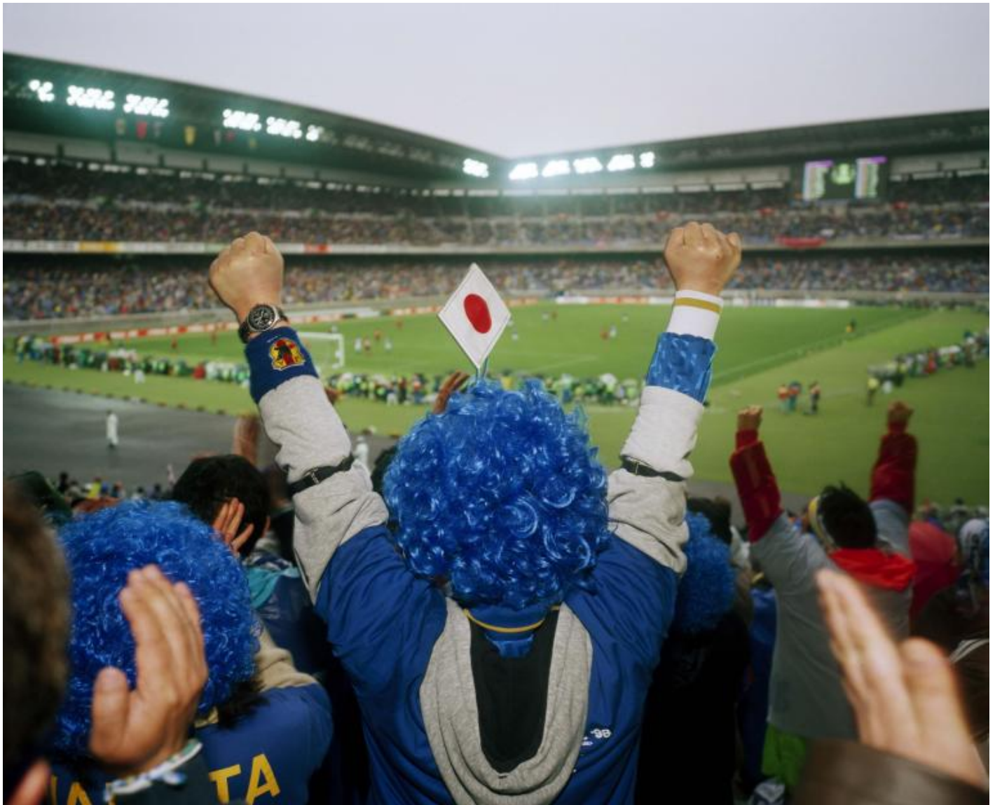
Martin Parr, Japan versus South Korea dynasty cup, Yokohama Stadium, Japan, 1998.

questioni universali. In occasione della mostra presso CAMERA –Centro Italiano per la Fotografia, abbiamo chiesto all'autore britannico di parlarci di alcuni temi e delle immagini che sono diventate icone del nostro tempo.
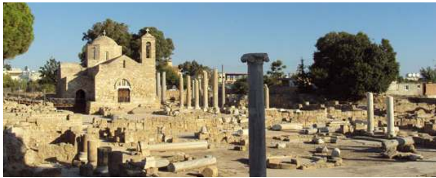
Δυστυχώς, κάποιοι δημιουργούν θέμα με την Καθολική Εκκλησία...
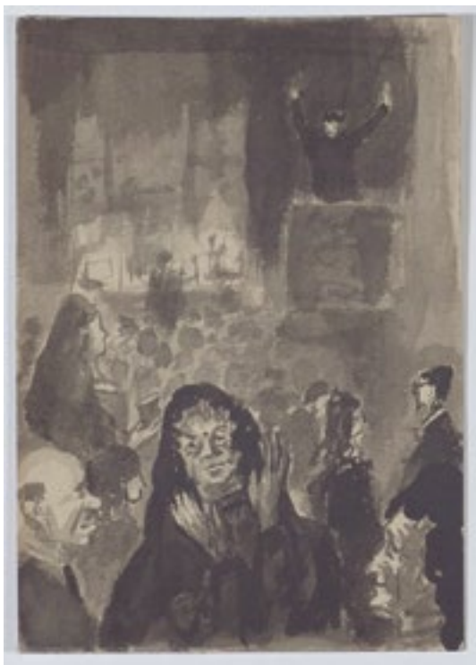
«Misa en Durango» Aquarela / Acuarela
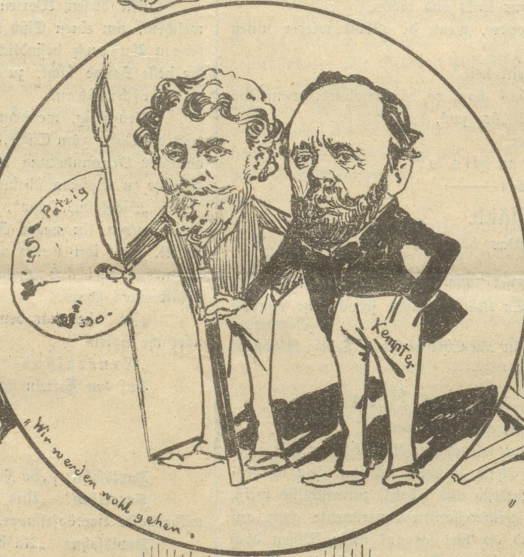
„Wir werden wohl gehen.“

========

Please copy the lines above, starting at the one that holds "Δυστυχώς, κάποιοι δημιουργούν" and stopping after the last line, exactly as they appear and minus the pictures.

> Solution for this exercise
Δυστυχώς, κάποιοι δημιουργούν θέμα με την Καθολική Εκκλησία...
«Misa en Durango» Aquarela / Acuarela
„Wir werden wohl gehen.“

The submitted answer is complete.